Requirement: Transcribe, word for word, only the lines from the one containing "朴尔家纺-毛巾被 2026春夏新款全棉纯棉80支四层纱布毛巾被夏被夏凉被空调被 宽边-粉" through the end of the material below. Pictures stay out.

The data:
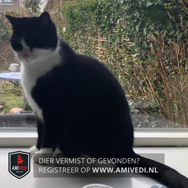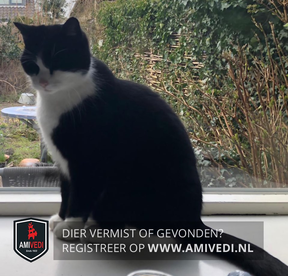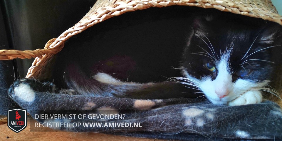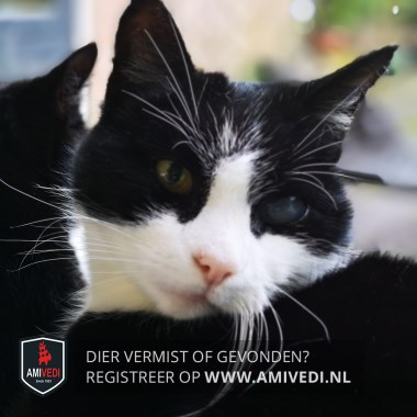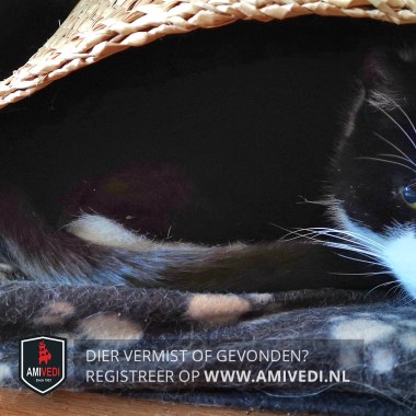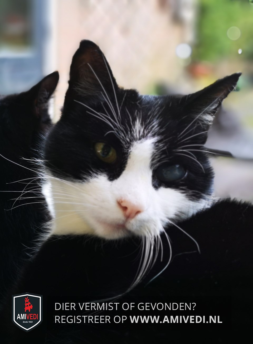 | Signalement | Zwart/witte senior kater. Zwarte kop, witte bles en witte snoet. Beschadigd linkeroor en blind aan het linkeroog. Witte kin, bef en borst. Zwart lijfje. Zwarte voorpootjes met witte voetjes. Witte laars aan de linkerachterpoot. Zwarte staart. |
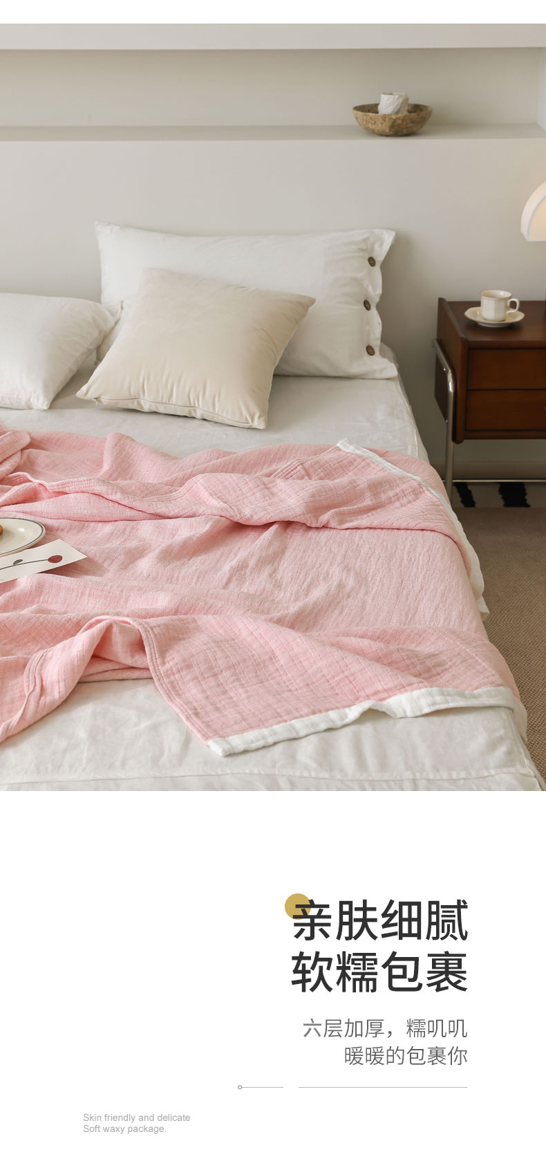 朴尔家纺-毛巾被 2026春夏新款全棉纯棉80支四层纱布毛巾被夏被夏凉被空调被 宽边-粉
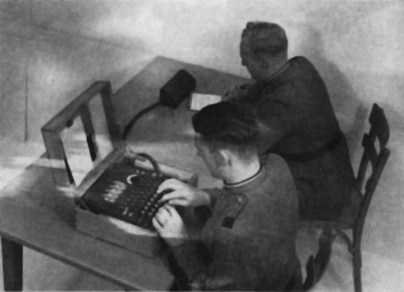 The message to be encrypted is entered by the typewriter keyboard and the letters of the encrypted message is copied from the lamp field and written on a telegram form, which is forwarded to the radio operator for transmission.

Finished task:
 朴尔家纺-毛巾被 2026春夏新款全棉纯棉80支四层纱布毛巾被夏被夏凉被空调被 宽边-粉
 The message to be encrypted is entered by the typewriter keyboard and the letters of the encrypted message is copied from the lamp field and written on a telegram form, which is forwarded to the radio operator for transmission.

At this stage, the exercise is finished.